Without any pictures, retype exactly the lines from the one with "(서울=뉴스1) 김민지 기자" through the final line of the records.

*** Opening of Input ***

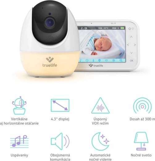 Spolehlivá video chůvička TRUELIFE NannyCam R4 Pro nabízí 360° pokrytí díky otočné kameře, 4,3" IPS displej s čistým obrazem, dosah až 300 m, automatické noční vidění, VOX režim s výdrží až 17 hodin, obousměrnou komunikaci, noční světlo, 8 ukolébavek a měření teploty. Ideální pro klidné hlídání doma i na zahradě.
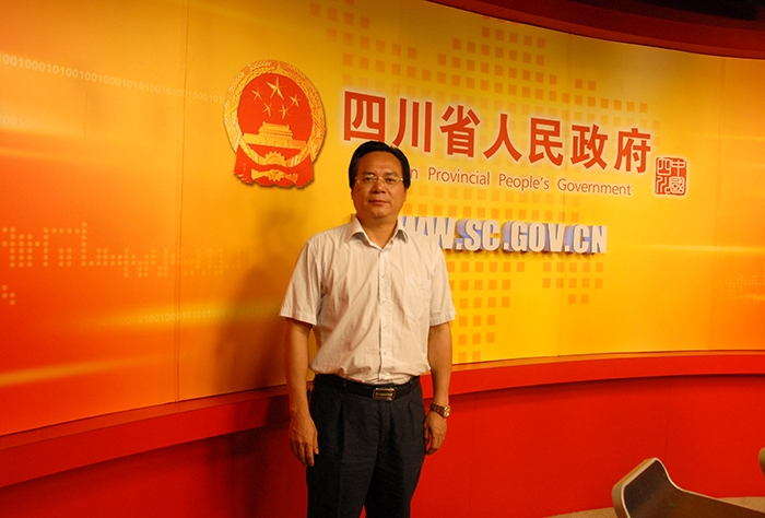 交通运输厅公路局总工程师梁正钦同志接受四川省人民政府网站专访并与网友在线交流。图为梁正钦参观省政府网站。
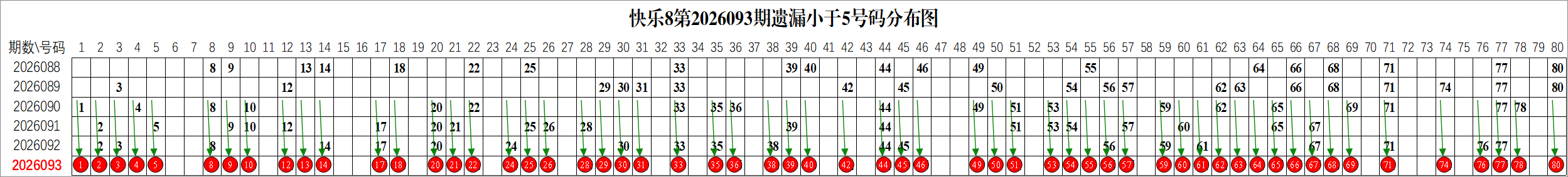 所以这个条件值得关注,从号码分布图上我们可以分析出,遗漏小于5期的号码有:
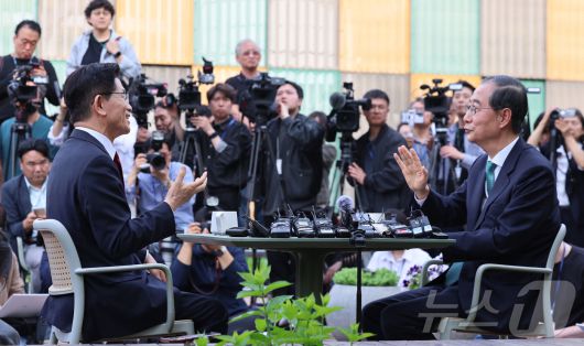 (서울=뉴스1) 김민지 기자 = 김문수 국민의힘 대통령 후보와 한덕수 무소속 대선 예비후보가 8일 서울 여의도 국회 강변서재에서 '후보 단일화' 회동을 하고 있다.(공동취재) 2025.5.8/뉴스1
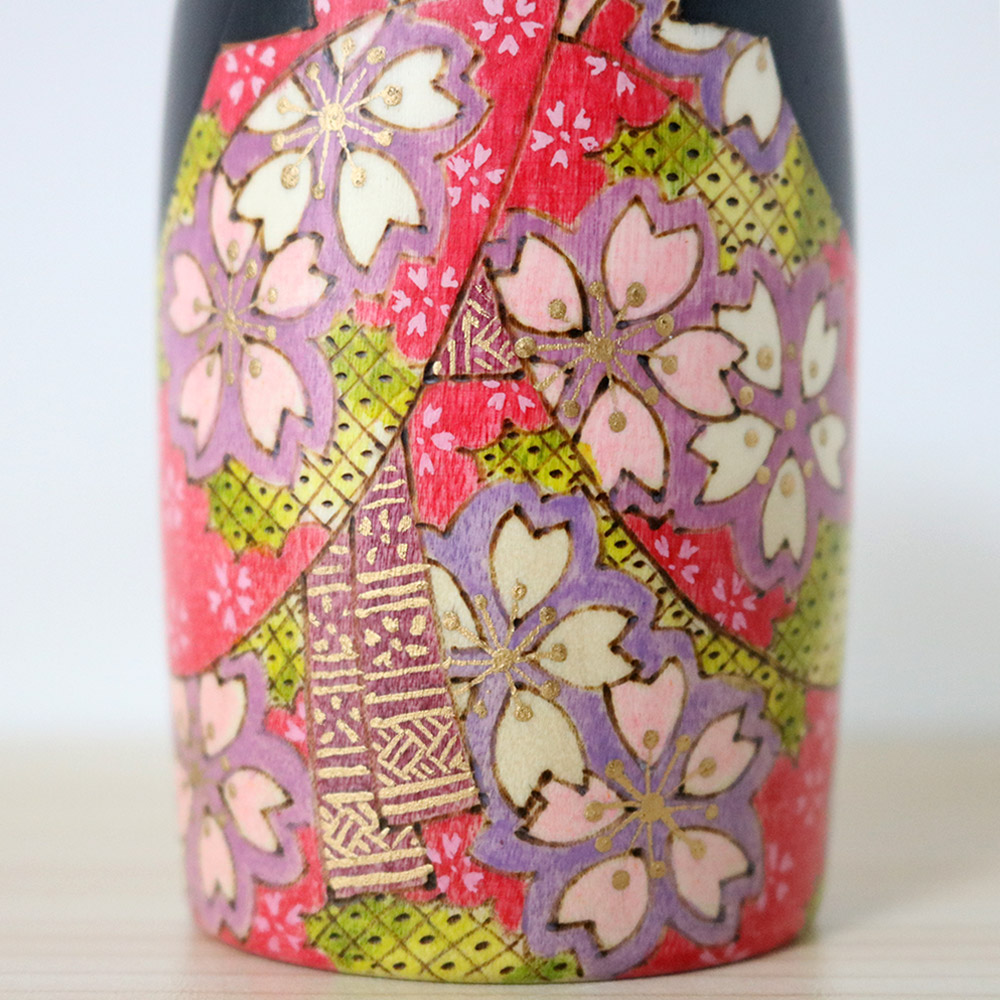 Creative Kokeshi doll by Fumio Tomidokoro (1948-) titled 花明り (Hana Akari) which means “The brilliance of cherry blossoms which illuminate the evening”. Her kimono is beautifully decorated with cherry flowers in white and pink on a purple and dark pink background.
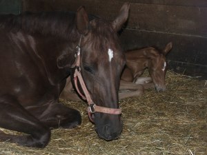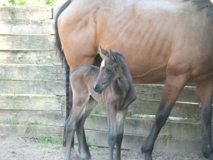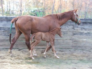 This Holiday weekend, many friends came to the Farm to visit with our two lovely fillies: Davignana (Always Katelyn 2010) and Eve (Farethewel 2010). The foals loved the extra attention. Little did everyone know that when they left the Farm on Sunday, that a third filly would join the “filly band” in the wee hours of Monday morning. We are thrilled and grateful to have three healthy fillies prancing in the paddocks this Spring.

*** Close of Input ***

* **Answer box**:
 (서울=뉴스1) 김민지 기자 = 김문수 국민의힘 대통령 후보와 한덕수 무소속 대선 예비후보가 8일 서울 여의도 국회 강변서재에서 '후보 단일화' 회동을 하고 있다.(공동취재) 2025.5.8/뉴스1
 Creative Kokeshi doll by Fumio Tomidokoro (1948-) titled 花明り (Hana Akari) which means “The brilliance of cherry blossoms which illuminate the evening”. Her kimono is beautifully decorated with cherry flowers in white and pink on a purple and dark pink background.
 This Holiday weekend, many friends came to the Farm to visit with our two lovely fillies: Davignana (Always Katelyn 2010) and Eve (Farethewel 2010). The foals loved the extra attention. Little did everyone know that when they left the Farm on Sunday, that a third filly would join the “filly band” in the wee hours of Monday morning. We are thrilled and grateful to have three healthy fillies prancing in the paddocks this Spring.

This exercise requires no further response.